Could you restate, exactly and with nothing added, the lines from the start of the data through the line that holds "Мужские прямые джинсы, синие, черные", leaving the pictures out?

- [Given data]
----
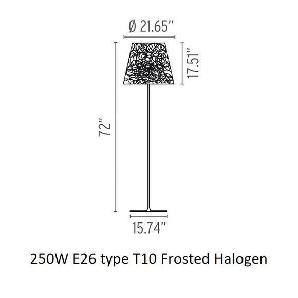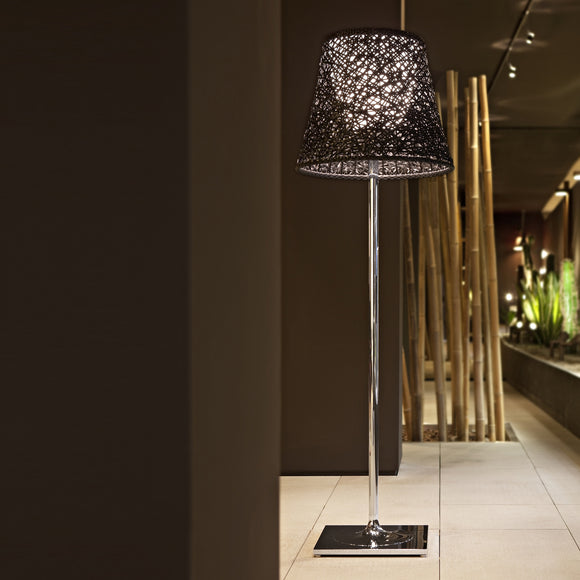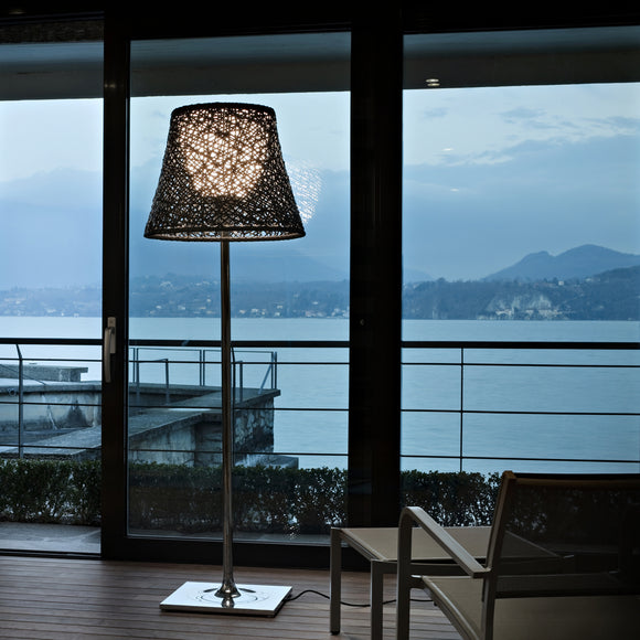 A member of the KTribe family of products, the KTribe F3 floor lamp provides diffused light specifically for outdoor use. The base and stem support are die-cast aluminum, and its structural parts are galvanized to protect against atmospheric agents. The inner diffuser and bulb holder are injection-molded PC (polycarbonate). The outer diffuser is made from braided, colored PVC tubes, and the inner frame is made of polyester painted, phosphor-chromed aluminum bars. The steel counterweight is cataphoresis treated for effective protection against atmospheric agents. The outer diffuser cover is phosphor-chromed die-cast aluminum. Available in Green Wall and Panama. Water Resistant IP55.
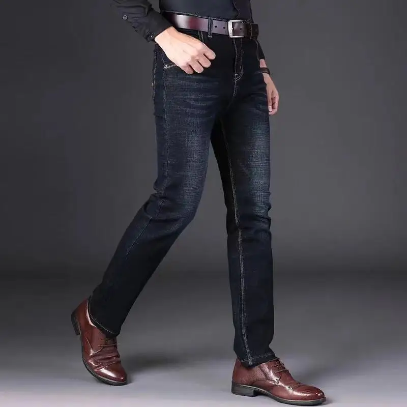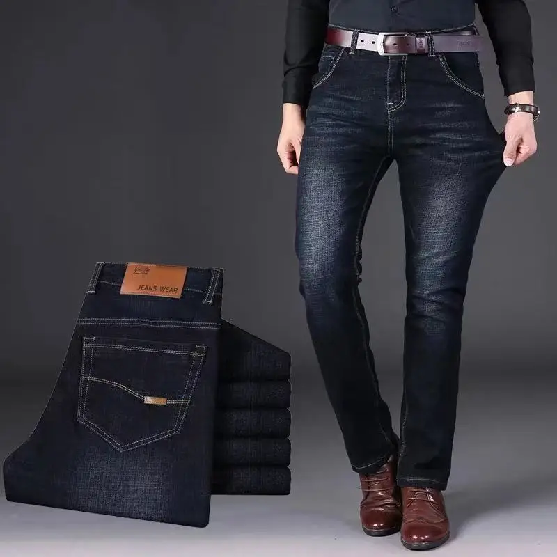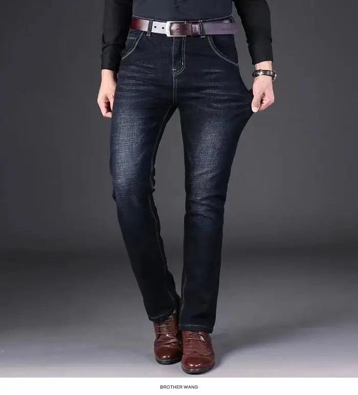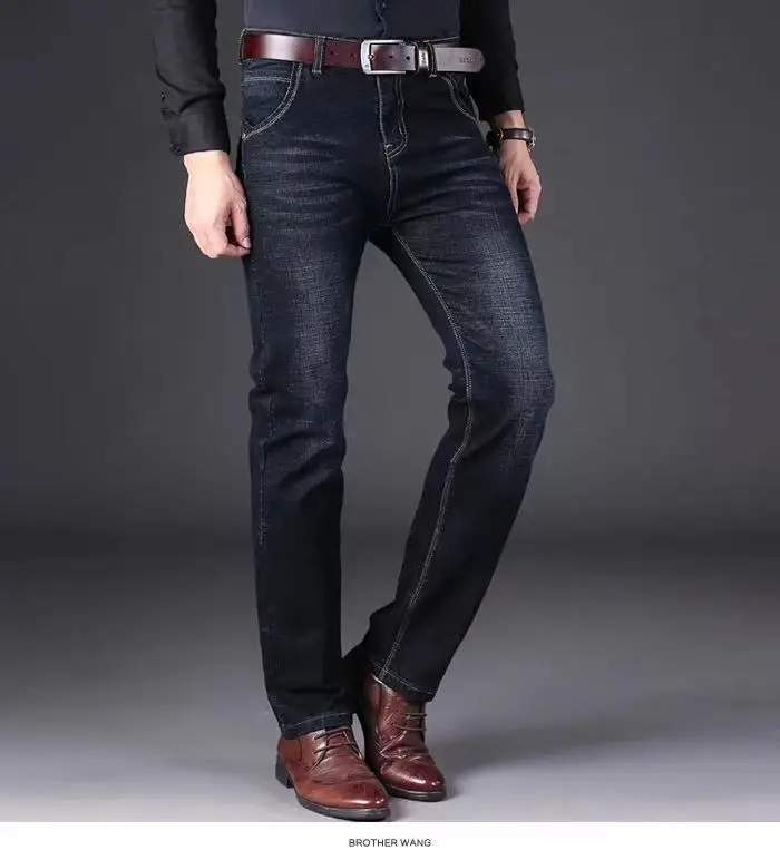 Мужские прямые джинсы, синие, черные повседневные Стрейчевые брюки ...
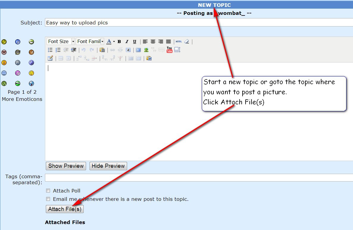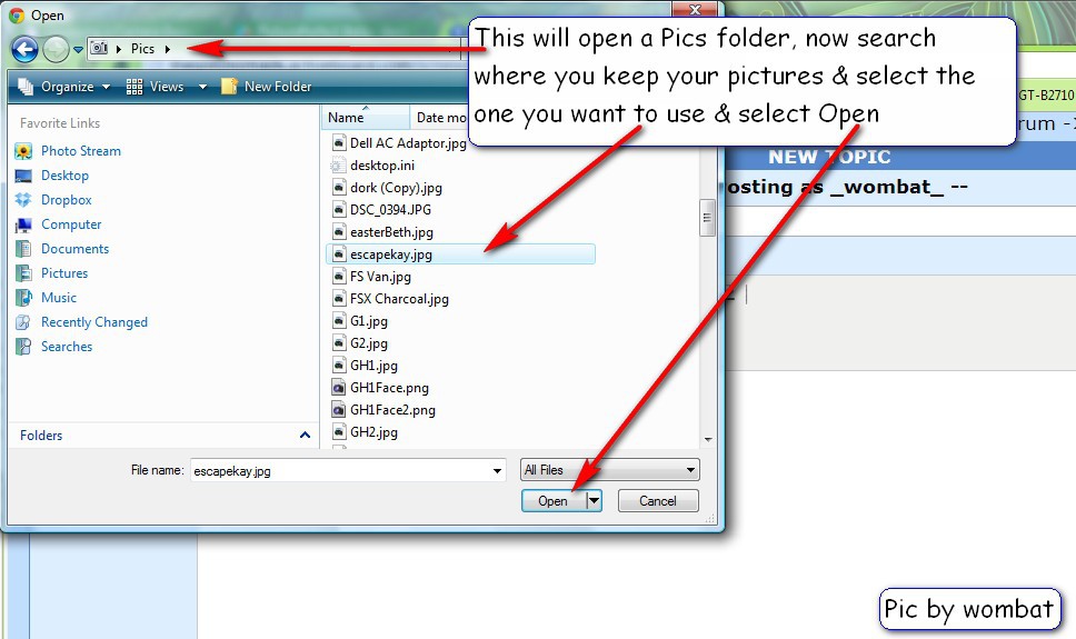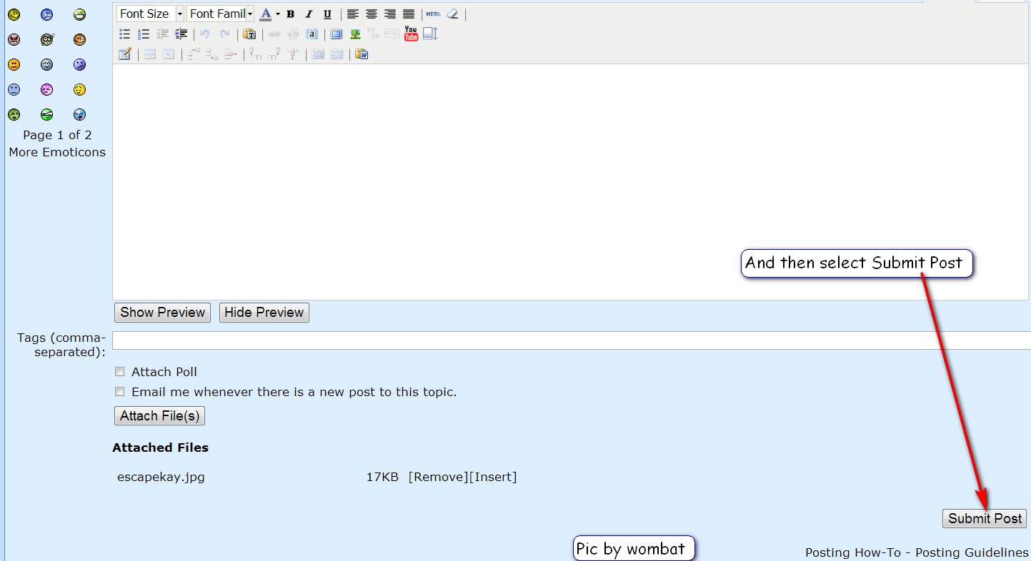 If I could just add to that, make sure the pic you are posting has been downsized with one of your programs prior to this action.
----
- [Answer to the exercise]
 A member of the KTribe family of products, the KTribe F3 floor lamp provides diffused light specifically for outdoor use. The base and stem support are die-cast aluminum, and its structural parts are galvanized to protect against atmospheric agents. The inner diffuser and bulb holder are injection-molded PC (polycarbonate). The outer diffuser is made from braided, colored PVC tubes, and the inner frame is made of polyester painted, phosphor-chromed aluminum bars. The steel counterweight is cataphoresis treated for effective protection against atmospheric agents. The outer diffuser cover is phosphor-chromed die-cast aluminum. Available in Green Wall and Panama. Water Resistant IP55.
 Мужские прямые джинсы, синие, черные повседневные Стрейчевые брюки ...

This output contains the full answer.